Not having quite the success I had hoped for. I created a 3x3 grid of all 1’s using:

`gmt grdmath -R-1/1/-1/1 -I1 1 = tfil.grd`

And then applied it in grdfilter:

`gmt grdfilter tg2.grd -Fotfil.grd -D0 -Gtg2a.grd`

but only got zeros back in tg2a.grd. What other part did I miss?

Two issues, unfortunately:

- It should be -Ff not -Fo. f is a custom filter (your case), while o is an operator (coefficients must sum to zero)
- There was a bug in grdfilter so when -Ff|o was used the weights were replaced with zeros…

I have submitted a PR.

Thanks, Paul. I had been trying to interpret the line in the man page, for the -Fo option that went:

Weights are assumed to sum to zero so no accumulation of weight sums and normalization will be done.

I also tried it with -Ff as well, but only got NaNs back.

Thank you for submitting the PR. I’ll stand by!

Yes, the -Ff also summed up with zero weights but also divided by the weight sum of zero, giving NaN…

An alternative is to `grd2xyz ... | blockmean ... `

Yes, with -Ss, but now you only get output every 3.

Fix now merged in master.

Can it be downloaded via git? Or does it need a little more time?

Using the -Ff option, I get non-NaN values, but they’re not a sum of the center cell with those surrounding it.

I wasn’t sure what these values were, but then I figured out that they are the mean value of the center plus surrounding eight cells.

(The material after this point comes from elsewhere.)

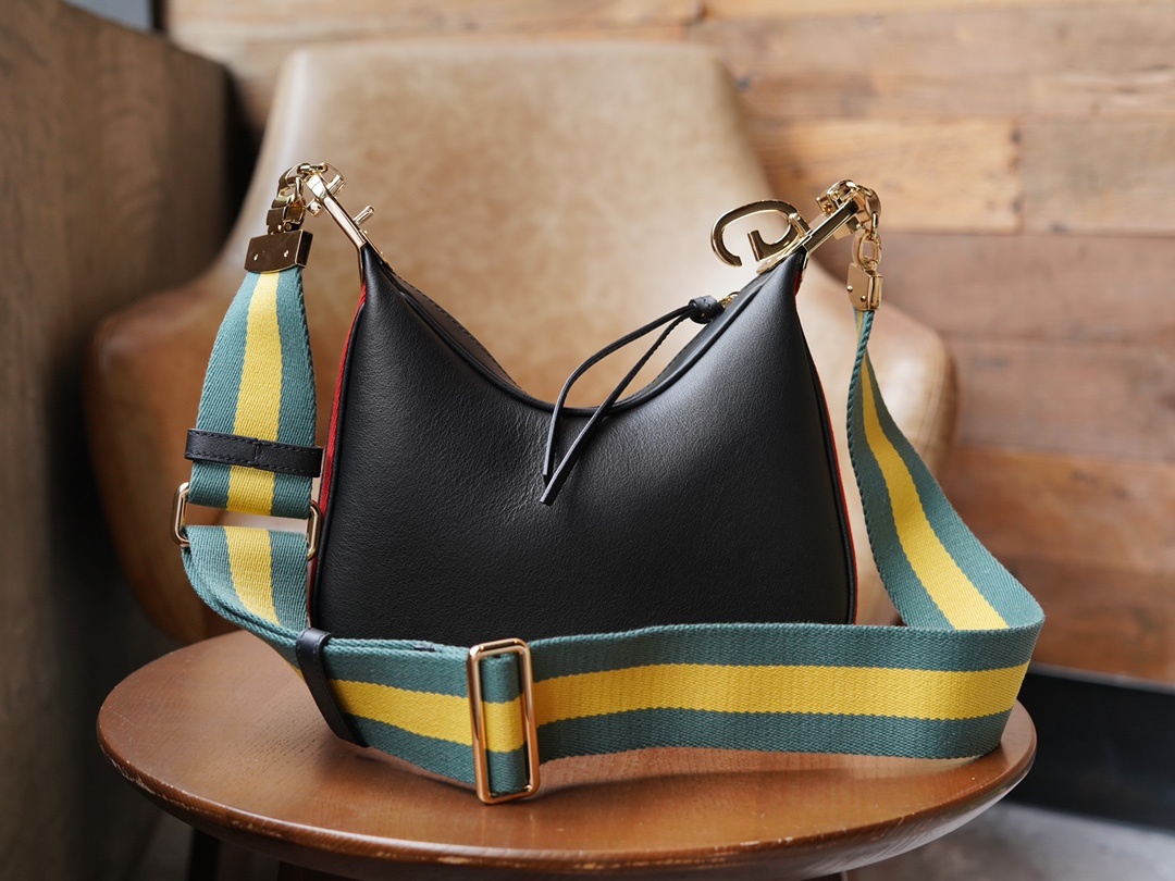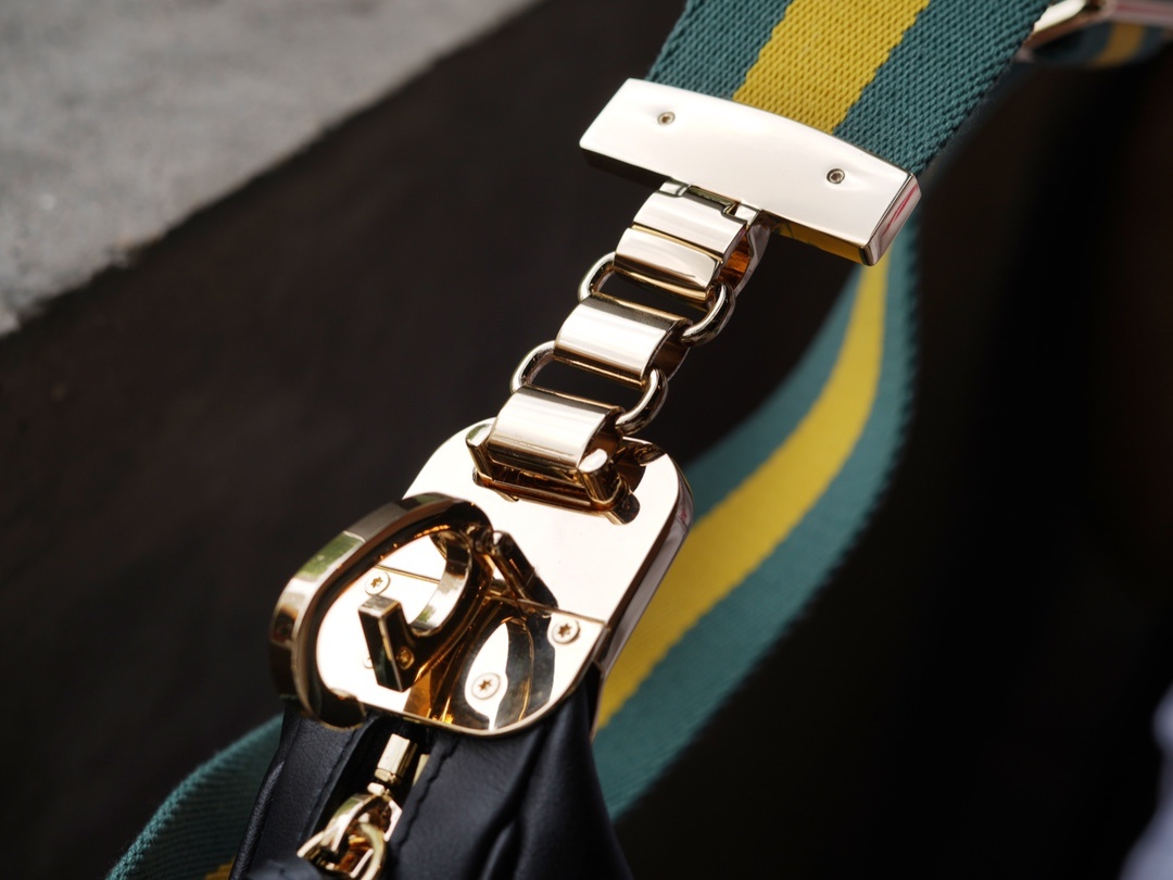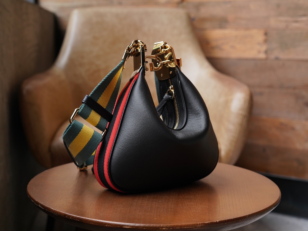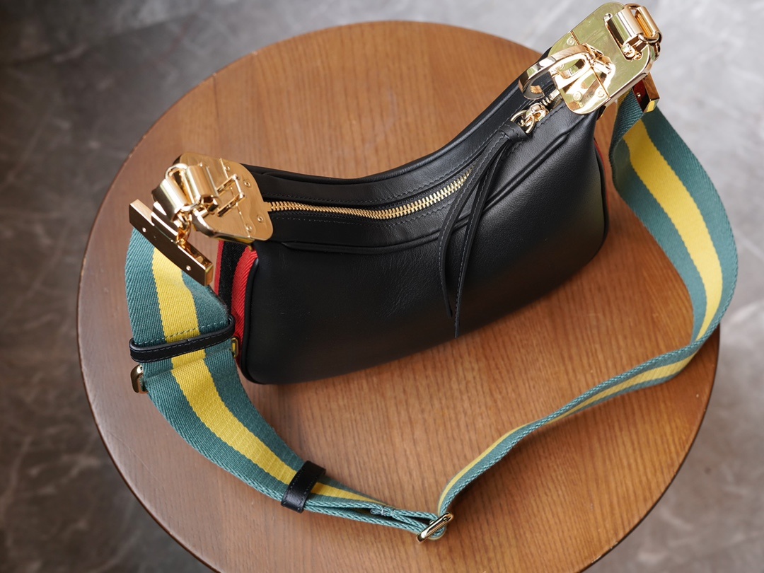 스몰 숄더백 모델번호 699409 이 액세서리는 시인성 있는 초승달 스타일로 G 버클이 유니크한 디자인 감각을 더해줍니다 클래식한 액세서리와 부드러운 소재의 조화가 세련되고 로맨틱한 기법으로 빈티지한 매력을 연출해 줍니다. 블랙 가죽으로 제작된 스몰 사이즈의 숄더백으로 오렌지 컬러와 블랙 테잎 롤러를 매치하였습니다.
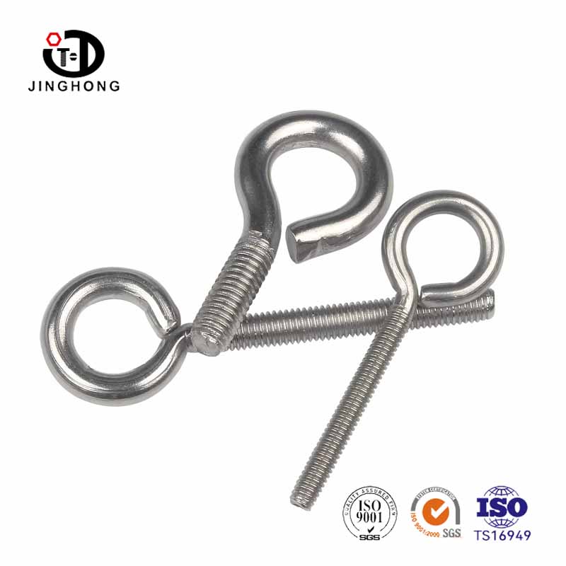 Jinghong fasteners are manufactured with tight processing technology, which makes the 304 stainless steel turned eye bolt smooth in surface, accurate in size, easy to be installed with other fasteners and connectors, and improves work efficiency and quality. 304 stainless steel turned eye bolt has a bright appearance, not easy to fade and discolor, can maintain beauty and durability in the long term use process, improve the overall quality of the product.

Simply multiply by 9, and the counts needed are obtained. Very cool!

Paul, there are some edge issues.

The grid I’m working with has -R-180/180/-60/60 gridline registered. At the ±180° longitude line, and along ±60° (in lat), the counts are not correct, because the number of cells is < 9.

I had been simply scaling by 9 to recover the counts needed (see the above post). For grid cells located adjacent to the -R edges, the scalar needed is 6.

The way I’m trying to apply this, it seems I’m “abusing” grdfilter, and being left with edges with incorrect counts. I suspect things get worse when I recover 3x3 counts in the grid corners, because there, the scalar will be 4.

Now what to do?

Maybe do -180/180 separately from 0/360 and patch in the 180 result from the 0/360 where 180 is in the middle.

As for ±60, can you get data for ±61 and then only keep results for up to ±60?, i.e., never use the edge cell results.

Its not really an issue of grdfilter. This is an outcome of what I’m actually wanting to obtain.

I have 1/4 degree cells with counts inside of them (number of observations). What I’m after is a count of the 3x3 set of cells, centered at 1/4 degrees.

grdfilter, with -Ff and a 3x3 set of 1 valued cells, gives the mean count across the cells.

Inside the grid (i.e., not along an edge), recovery of the actual count is obtained by scaling the mean count by 9. Along the edges the scale factor is 6. In the corners the scale factor is 4. Its not really an issue of bleed-over; its more of an issue of how many neighboring cells were actually used when grdfilter computed the mean (for each cell).

This isn’t a task being done on a regular basis, but, in my case, grdfilter was helpful for checking counts (within cells) that had been created, externally, for a gridded product. Until I looked closely and discovered that edge cells were not in agreement between grdfilter and my external computation. The number of cells being used to compute the count mean is important, when trying to get back to sums of counts.